- Born: Vaidyanathan Thirunavukkarasu 11 January 1926
- Died: 5 November 2008 (aged 82) Singapore
- Occupations: Journalist Editor
- Agent: Tamil Murasu
- Spouse: Kasturi Thirunavukkarasu
- Children: Manickavasagam Thirunavukkarasu

= V. T. Arasu =

Singaporean journalist (1926–2008)

Vaidyanathan Thirunavukkarasu (11 January 1926 – 5 November 2008), popularly known as V. T. Arasu, was a Singaporean journalist, civil servant, editor, author and Tamil enthusiast.

Arasu was born in India on 11 January 1926 and moved to Singapore in 1951. He was educated at the University of Madras and obtained a degree there. With five years of experience in journalism in India, he joined Tamil Murasu in Singapore, the then leading Tamil daily, as its sub-editor.

His pithy weekly and daily columns and catchy headlines attracted readers.
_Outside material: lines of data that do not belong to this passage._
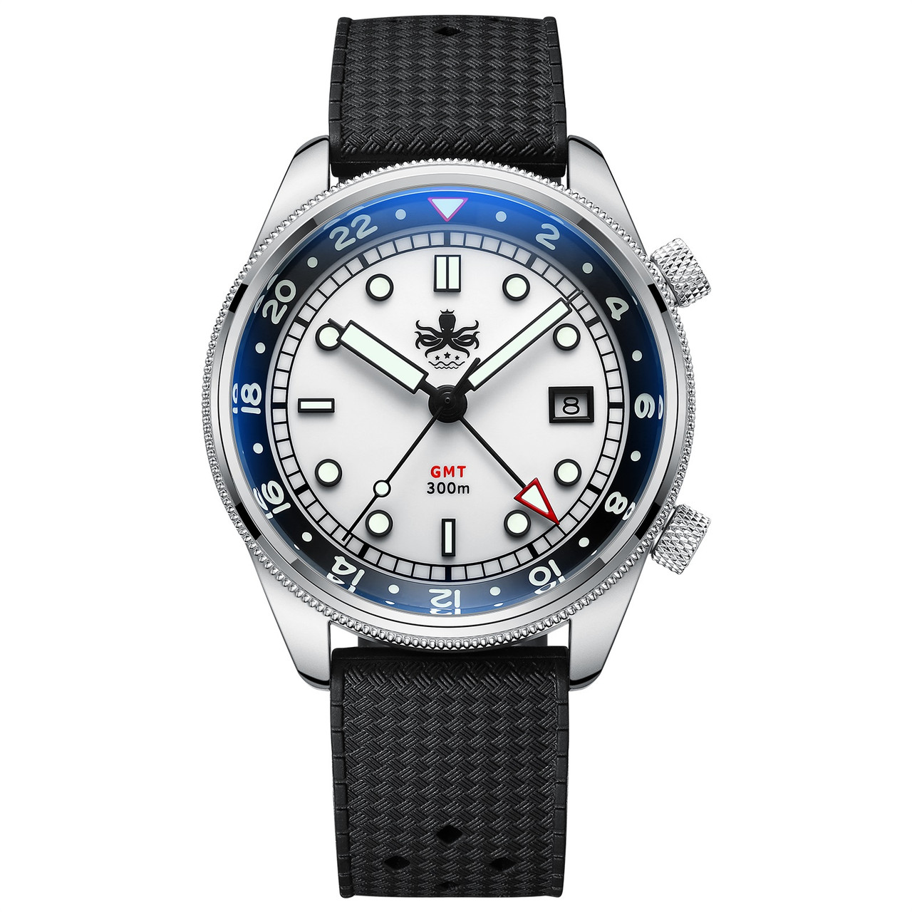 Het belangrijkste was mijn afkeer tegen automaten in een GMT, maar het uiterlijk deed ‘t ‘m ook niet voor mij. Zeker mooi gemaakt, strakke witte wijzerplaat met opgelegde indices en de vorm van de wijzers zorgvuldig dezelfde vorm als de indices. De contrasterende GMT-hand, echt netjes. Maar het totaalplaatje paste simpelweg niet bij me.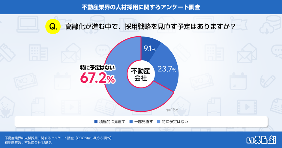 「高齢化が進む中で、採用戦略を見直す予定はありますか?」という質問では、「積極的に見直す」(9.1%)、「一部見直す」(23.7%)という回答もあった一方で、「特に予定はない」が67.2%と最も多い結果となりました。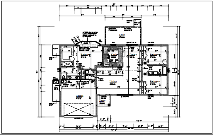 Residential house view details dwg file, Bungalow plan view details with dimension details, beam details in the bungalow, hidden line plumbing line in bungalow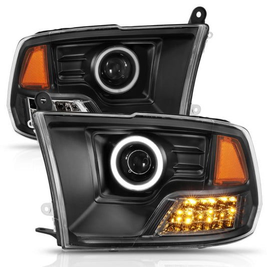 ANZO - 2009-2018 RAM 1500/2500/3500 PROJECTOR HEADLIGHTS BLACK WITH RX HALO

In tandem with this portfolio, under the guidance of the community leader and editor G. Sarangapany, Arasu played a prominent role in the cultural and educational movements of the 1950s and 1960s. Notable among these activities were the management of Tamil schools, encouragement of creative writing, organization of the Tamizhar Tirunaal and the campaign to establish the Tamil department at the university.

In the 1950s and 1960s, he played a significant role in developing the cultural and educational scene in various ways, such as encouraging creative writing.

Arasu left Tamil Murasu in 1958 to join the civil service but returned in 1989 as Chief Editor at the request of its owners, the G. Sarangapany family. There, he managed the community newspaper's operations and publication.

Arasu started by revamping the paper's content to make it more in-depth and local-based. He upgraded its design and computerised its production and plugged the distribution system into that of all the other language papers.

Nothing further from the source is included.